Cashiers at the Harold branch of Tesco Express are begging their manager to put an end to the practise that sees them forced to ask every single customer how they are.
“It’s horrible,” said one shell-shocked worker who asked to remain anonymous. “Everyone knows that when someone behind a till asks you that question you either ignore it or grunt out a one-word answer but not here. I don’t know what’s wrong with everyone, except I do, and in the most harrowing detail.”
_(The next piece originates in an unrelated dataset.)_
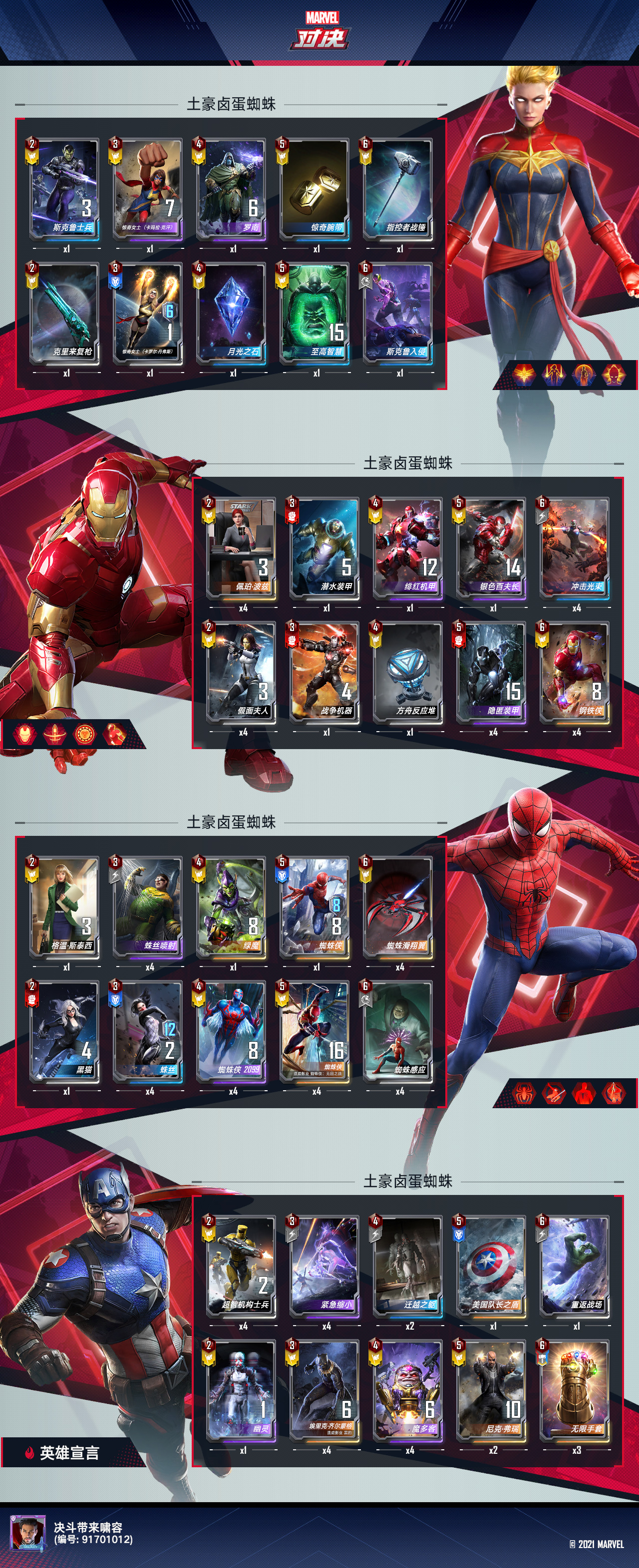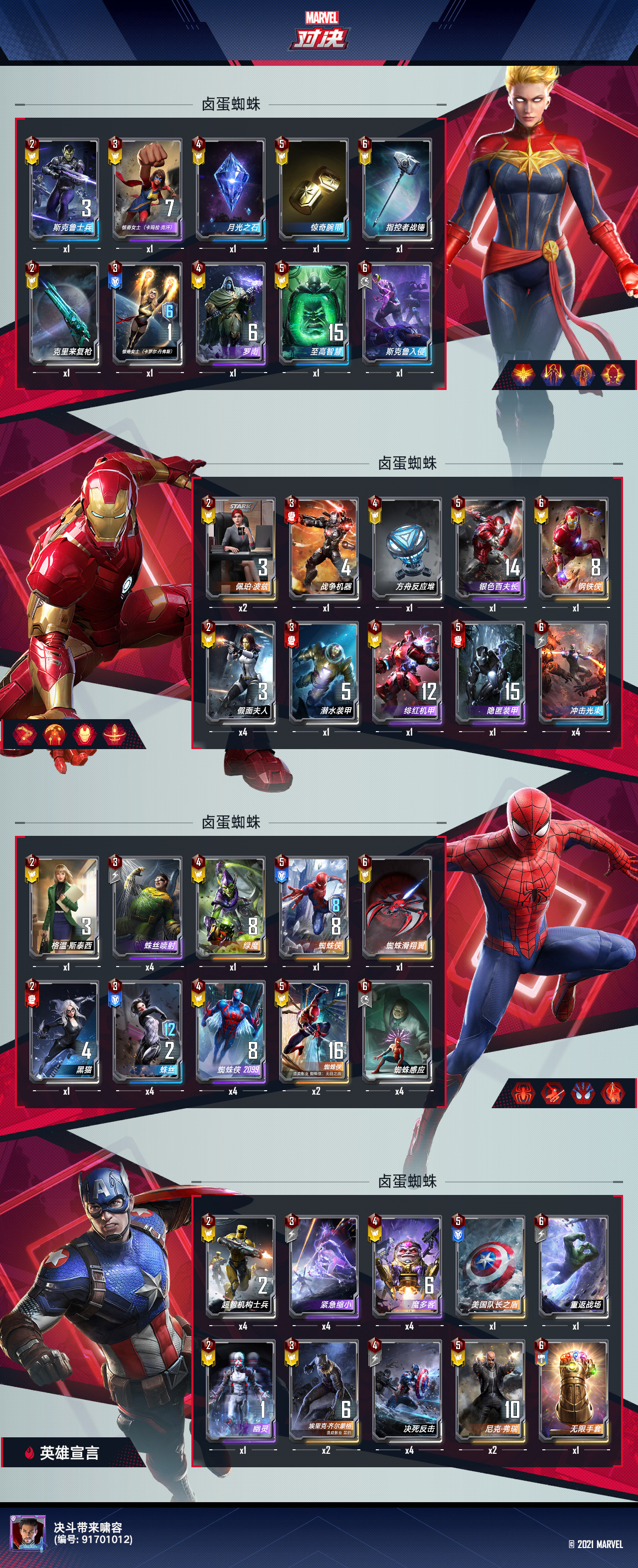 大家好,我是望舒,致力于微氪卡组探讨,让每位玩家都能从游戏中找到自己的乐趣。许久不见,近期三次元事务繁忙,之前开发了一套血牛万能,苦于没有时间,未能写出来。昨天新卡蜘蛛侠上线,为区分新蜘蛛侠和蓝蜘蛛侠,简称荷兰弟。大家的热情高涨,在天梯中可以看到各式各样的荷兰弟卡组,我自然也加入其中,一下午下来,胜率在50左右。直到经过攻略组同仁张某人的指点,带上卤蛋,胜率飙升,昨晚战绩51111112121241,这个战绩我非常满意,遂决定把这套强势卡组分享出来。
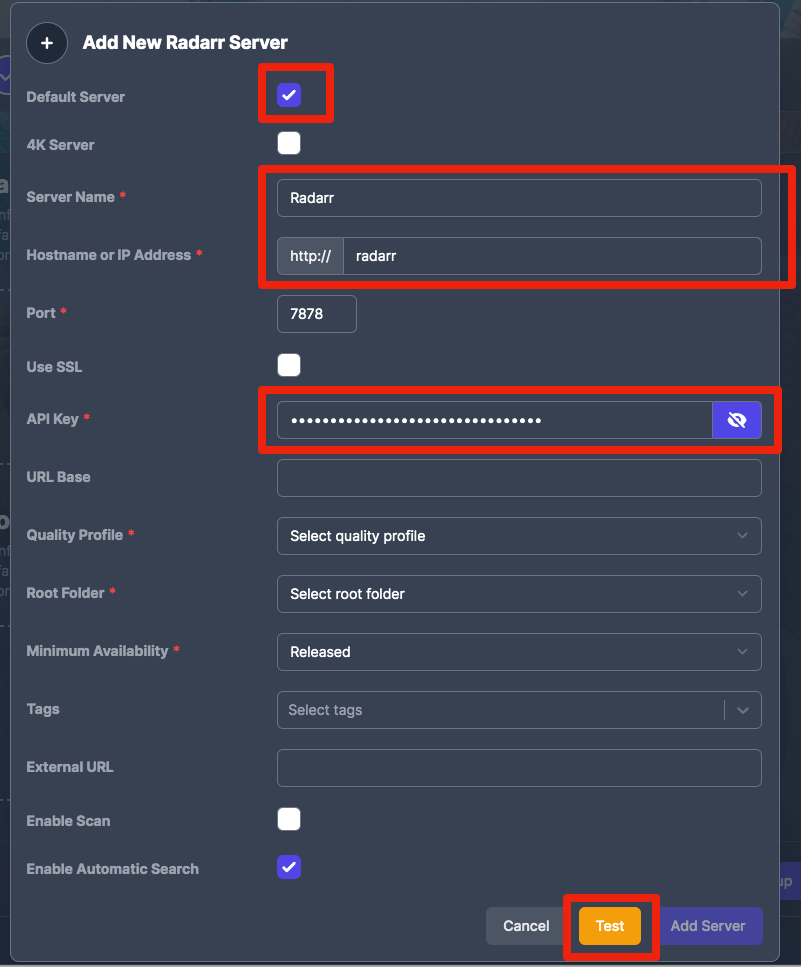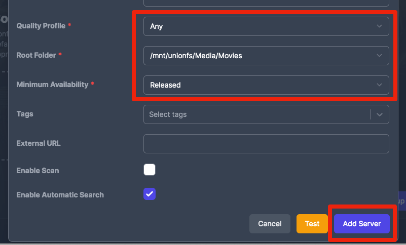 - Select a Quality, Root Folder, and Minimum Availability, then click "Add Server". This will return you to the screen from the previous step. Click "Add Sonarr Server"

“I deliberately say ‘Hi, how are you’ with less energy and interest than a dead hedgehog but it makes no difference,” said another employee who also refused to be named. “The floodgates open and the most dreadful tales of misfortune and sexual dysfunction come tumbling out. Sometimes I pretend I can’t scan something just to press the buzzer and get a ten second break from it while I talk to my supervisor about the price of waffles.”
Manager of Harold Tesco Express Paul Watts went on the record to deny that there was a problem.
“I’m very encouraged that villagers want to chat to us after all we are a local store and not some faceless monolith that barged into the community and deliberately undercut all the independent shops until Tesco reigned supreme. We’re not like that at all. Ha ha ha!”
When his slightly manic laughter had subsided the Evening Harold asked why his staff were afraid to be publicly named as critics of store policy and whether there was any truth to the rumour of ‘Tesco Police’ a heavily-armed paramilitary wing of the corporation who roam the country putting in planning applications on any piece of land larger than a shoebox and crushing workplace dissent.
“That’s ridiculous!” exclaimed Watts. “Just because one of every four pounds in the UK is spent at Tescos and we have unstoppably expanded both physically and in areas like banking and video-on-demand does not mean we’re taking over. There is nothing to fear from Tesco – it’s double-plus good.”